Alors, Caleb joue le chaud et le froid, il cherche à maintenir Maggie à distance, à ne plus lui donner le moindre espoir et il se montre parfois cassant avec elle. D'un autre côté, il est jaloux dès qu'elle s'approche d'un autre, il la cherche, il a besoin d'elle, il la désire tout en sachant que c'est impossible. Maggie n'est pas dupe, mais elle est devenue plus forte et plus sûre d'elle. Elle cherche même à le pousser dans ses retranchements pour qu'il avoue toute la vérité sur leur sordide affaire. Bref, ce n'est pas de tout repos.

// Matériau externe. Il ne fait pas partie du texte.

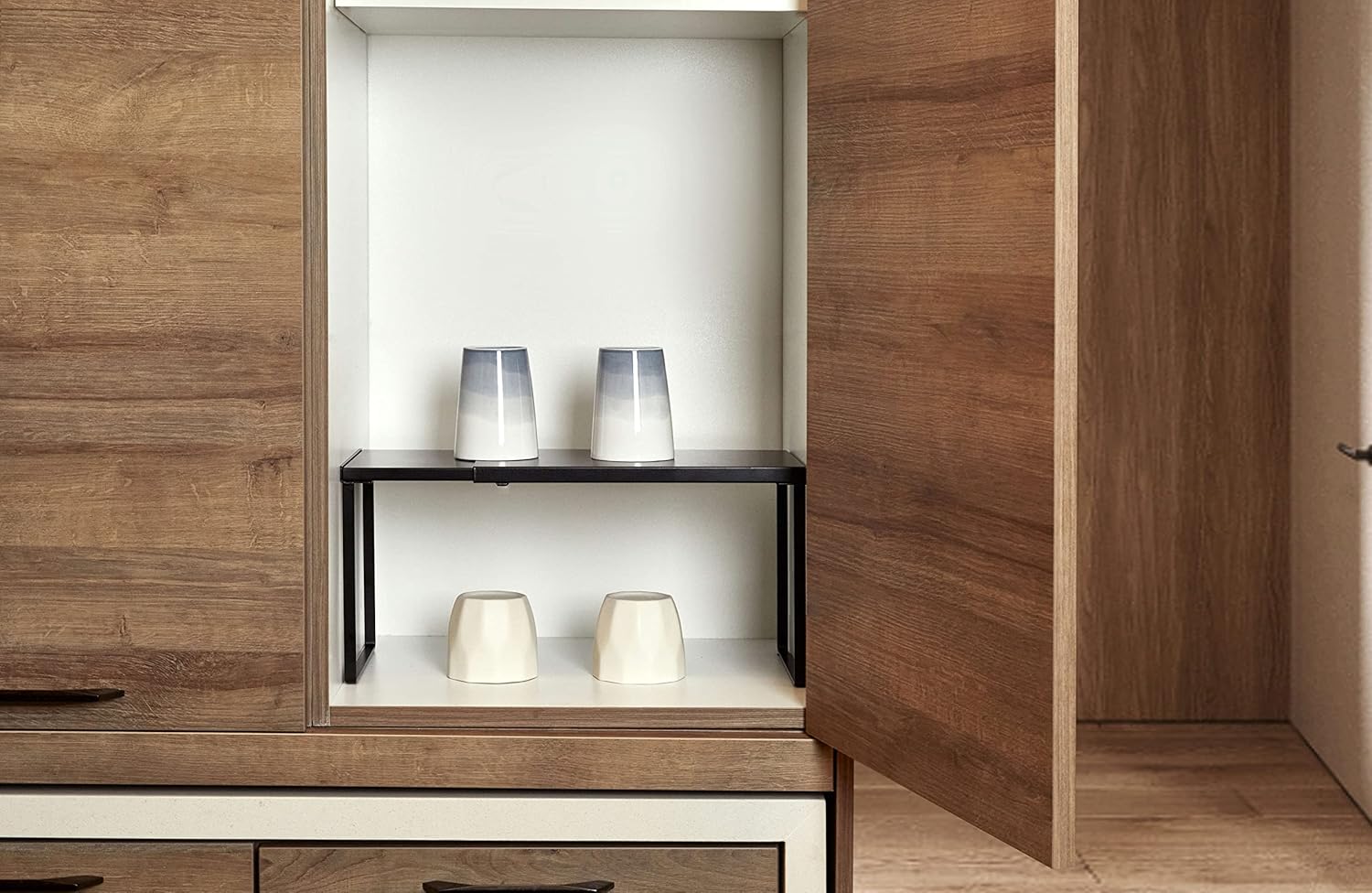 - FUNCTIONAL STORAGE: This cabinet shelf can be used in various scenes of your home including cabinets, pantry, cupboards, kitchens, bathrooms, bedrooms, under sink and any counter surfaces. You may use the shelf as a storage organizer for plates, cups, dishes, pots, bowls, snacks, books, magazines and whatsoever.

L'histoire n'est donc pas simple et n'a pas fini de brusquer le petit couple. Caleb a encore beaucoup de démons à chasser, par contre Maggie est devenue une chouette petite nana, qui a énormément à apporter. Toute perspective d'idylle semble d'ailleurs compromise, même si les sentiments sont là, très forts et sincères. Non vraiment, ils ont encore du chemin à faire et ça peut paraître bien long au bout d'un moment. Sinon, j'ai franchement apprécié  l'ensemble du groupe de RESTART, avec ce barjot de Lenny en tête, et j'ai adoré l'épilogue, entre tendresse, espoir et délivrance, mon cœur a fait boum ! C'était une belle petite série, en deux tomes, qui touchera le lecteur pour la portée de l'histoire et pour la richesse des personnages.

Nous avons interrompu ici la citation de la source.